Organization, projects and API Keys

By default, the on-premise installation of the Document Ingestion API comes with a default organization and project. You can configure additional organizations and projects using environment variables or a YAML configuration file. When there are no API keys configured, the system will allow unauthenticated access to the API. However, it is recommended to configure API keys for better security and access control.

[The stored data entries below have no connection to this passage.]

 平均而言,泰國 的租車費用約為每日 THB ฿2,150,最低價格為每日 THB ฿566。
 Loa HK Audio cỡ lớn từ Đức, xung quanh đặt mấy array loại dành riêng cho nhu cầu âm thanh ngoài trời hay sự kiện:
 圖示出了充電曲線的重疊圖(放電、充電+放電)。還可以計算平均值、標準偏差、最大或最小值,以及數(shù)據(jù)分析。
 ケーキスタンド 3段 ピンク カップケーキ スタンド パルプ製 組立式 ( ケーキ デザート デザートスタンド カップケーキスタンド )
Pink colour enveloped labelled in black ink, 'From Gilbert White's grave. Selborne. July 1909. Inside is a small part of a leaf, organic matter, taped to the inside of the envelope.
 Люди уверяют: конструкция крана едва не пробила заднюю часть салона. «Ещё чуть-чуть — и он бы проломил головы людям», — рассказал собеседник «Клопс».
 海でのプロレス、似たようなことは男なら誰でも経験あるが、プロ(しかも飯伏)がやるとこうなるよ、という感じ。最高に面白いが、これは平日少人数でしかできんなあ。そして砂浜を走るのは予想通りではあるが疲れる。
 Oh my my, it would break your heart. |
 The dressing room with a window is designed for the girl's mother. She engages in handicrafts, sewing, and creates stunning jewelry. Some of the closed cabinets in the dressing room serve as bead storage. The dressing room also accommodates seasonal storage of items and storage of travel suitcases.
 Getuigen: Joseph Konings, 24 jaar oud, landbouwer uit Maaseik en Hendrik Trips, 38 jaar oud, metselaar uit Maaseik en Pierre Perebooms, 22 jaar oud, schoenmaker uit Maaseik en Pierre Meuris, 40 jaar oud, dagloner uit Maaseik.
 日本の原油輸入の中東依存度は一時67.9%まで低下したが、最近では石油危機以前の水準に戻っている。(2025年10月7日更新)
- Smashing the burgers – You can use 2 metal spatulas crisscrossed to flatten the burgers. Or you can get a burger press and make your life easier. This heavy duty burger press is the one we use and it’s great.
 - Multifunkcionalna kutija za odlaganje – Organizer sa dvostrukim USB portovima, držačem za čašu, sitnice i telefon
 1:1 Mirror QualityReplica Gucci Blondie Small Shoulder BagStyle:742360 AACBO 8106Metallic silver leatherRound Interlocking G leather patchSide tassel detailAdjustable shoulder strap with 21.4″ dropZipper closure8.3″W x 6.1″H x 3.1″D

Once organizations, projects, and API keys are configured, the following headers will need to be provided with every request:
  1. X-Tensorlake-Organization-Id: The ID of the organization making the request.
  2. X-Tensorlake-Project-Id: The ID of the project belonging to the organization making the request.
  3. Authorization: Bearer token for the API key associated with the project.
The system does not provide a built-in user interface for managing organizations, projects, and API keys. You will need to manage these configurations manually. Every time you create a new organization or project, you will need to update the configuration files or environment variables accordingly, and restart the services for the changes to take effect.

Example configuration

listen_addr: 0.0.0.0:8700
on_prem_enabled: true

on_prem:
  organizations:
    - id: tensorlake_onprem_prg_1
      projects:
        - id: tensorlake_onprem_project_1
          api_keys:
            - tensorlake_onprem_project_apikey_123456789
            - tensorlake_onprem_project_apikey_987654321
        - id: tensorlake_onprem_project_2
          api_keys:
            - tensorlake_onprem_project2_apikey_123456789
With this configuration, only requests with the following headers would be valid:
X-Tensorlake-Organization-Id: tensorlake_onprem_prg_1
X-Tensorlake-Project-Id: tensorlake_onprem_project_1
Authorization: Bearer tensorlake_onprem_project_apikey_123456789

Executors networking

Each executor needs to be able to connect to the Indexify server. By default, the executors will try to connect to http://indexify-server:8900, which is the default hostname and port used in the provided docker-compose.yml file. If the executors where to run in a different host or network, you will need to configure the INDEXIFY_SERVER_HOST environment variable to point to the correct URL. The executors need to be able to reach the HTTP Port (8900 by default) and the gRPC port (8901 by default).